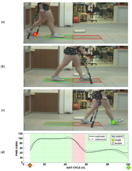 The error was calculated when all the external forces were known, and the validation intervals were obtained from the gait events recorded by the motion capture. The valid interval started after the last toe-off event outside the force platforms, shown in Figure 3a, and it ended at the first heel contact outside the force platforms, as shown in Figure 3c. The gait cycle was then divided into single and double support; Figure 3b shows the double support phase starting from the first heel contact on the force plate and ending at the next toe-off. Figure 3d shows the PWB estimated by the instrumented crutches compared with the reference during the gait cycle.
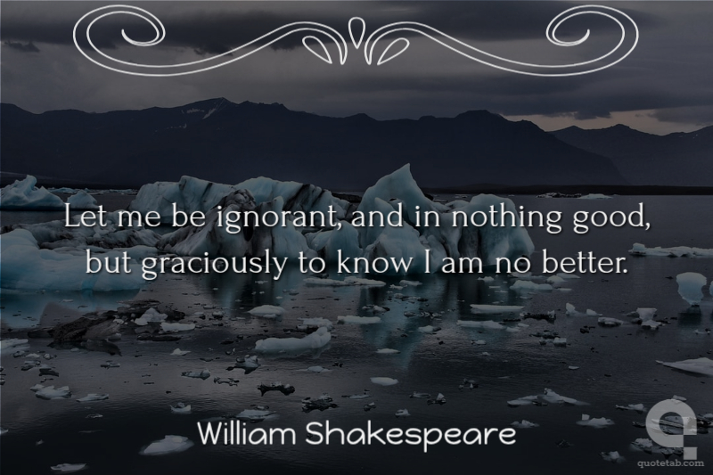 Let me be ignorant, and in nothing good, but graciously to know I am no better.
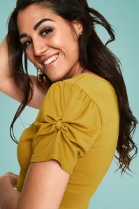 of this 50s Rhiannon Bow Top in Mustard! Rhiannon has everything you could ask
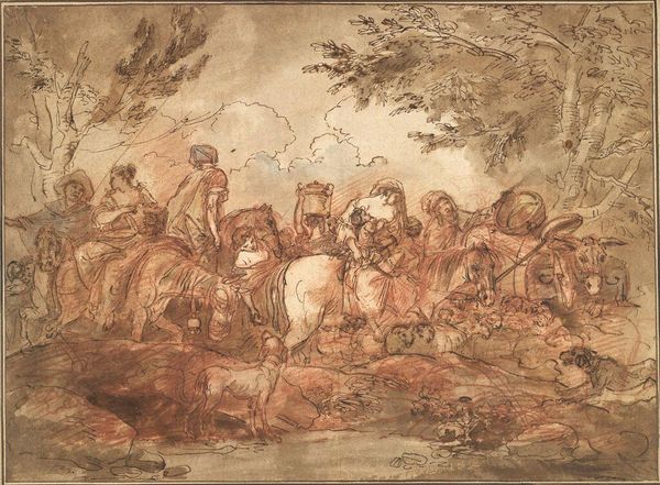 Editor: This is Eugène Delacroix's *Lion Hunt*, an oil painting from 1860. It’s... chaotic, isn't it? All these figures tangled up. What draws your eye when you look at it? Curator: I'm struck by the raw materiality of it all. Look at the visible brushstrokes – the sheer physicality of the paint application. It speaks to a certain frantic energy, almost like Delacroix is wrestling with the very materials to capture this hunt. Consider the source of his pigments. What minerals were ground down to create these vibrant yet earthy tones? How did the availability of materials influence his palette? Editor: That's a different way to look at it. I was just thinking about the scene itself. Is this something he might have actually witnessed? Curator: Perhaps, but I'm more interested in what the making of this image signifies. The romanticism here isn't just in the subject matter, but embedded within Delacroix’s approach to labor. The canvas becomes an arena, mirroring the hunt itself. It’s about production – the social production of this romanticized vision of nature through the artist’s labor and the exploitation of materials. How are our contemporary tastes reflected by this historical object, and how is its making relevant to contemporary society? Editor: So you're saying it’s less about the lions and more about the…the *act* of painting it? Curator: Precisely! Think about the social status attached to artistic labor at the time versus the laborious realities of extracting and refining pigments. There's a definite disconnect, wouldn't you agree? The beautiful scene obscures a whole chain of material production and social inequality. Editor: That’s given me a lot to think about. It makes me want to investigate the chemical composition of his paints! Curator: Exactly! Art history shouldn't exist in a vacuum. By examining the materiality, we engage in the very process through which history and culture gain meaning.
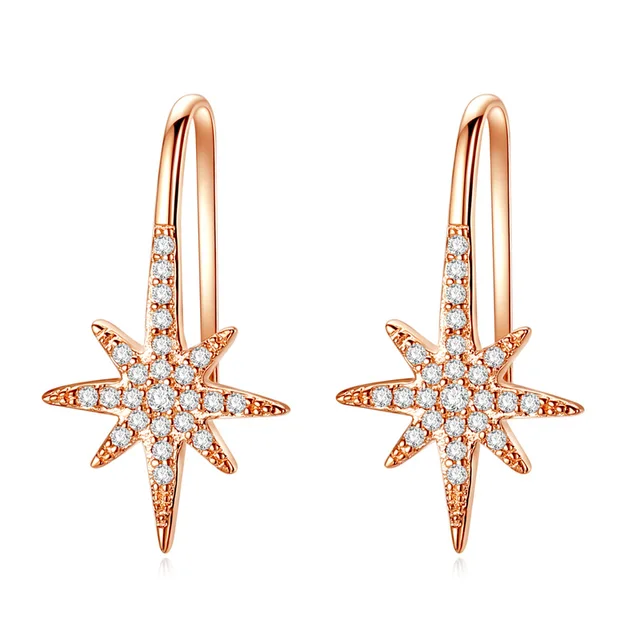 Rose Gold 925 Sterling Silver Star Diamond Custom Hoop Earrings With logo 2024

+ + + +

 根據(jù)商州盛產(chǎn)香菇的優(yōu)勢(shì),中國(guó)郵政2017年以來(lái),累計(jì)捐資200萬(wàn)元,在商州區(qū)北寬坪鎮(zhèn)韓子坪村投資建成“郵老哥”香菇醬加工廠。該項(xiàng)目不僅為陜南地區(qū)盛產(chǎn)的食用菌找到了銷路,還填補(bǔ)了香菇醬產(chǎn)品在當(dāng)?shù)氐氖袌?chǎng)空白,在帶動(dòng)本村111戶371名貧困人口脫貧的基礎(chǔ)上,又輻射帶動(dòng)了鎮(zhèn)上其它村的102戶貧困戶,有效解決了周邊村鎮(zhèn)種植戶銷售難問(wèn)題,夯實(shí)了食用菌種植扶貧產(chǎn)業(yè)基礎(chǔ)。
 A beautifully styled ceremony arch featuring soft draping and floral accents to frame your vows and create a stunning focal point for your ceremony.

+ + + +

**Task details:** What's needed is an exact copy of the records above from the line containing "Let me be ignorant, and" down to the line containing "of this 50s", both included, without any pictures.

**Exercise result:**
 Let me be ignorant, and in nothing good, but graciously to know I am no better.
 of this 50s Rhiannon Bow Top in Mustard! Rhiannon has everything you could ask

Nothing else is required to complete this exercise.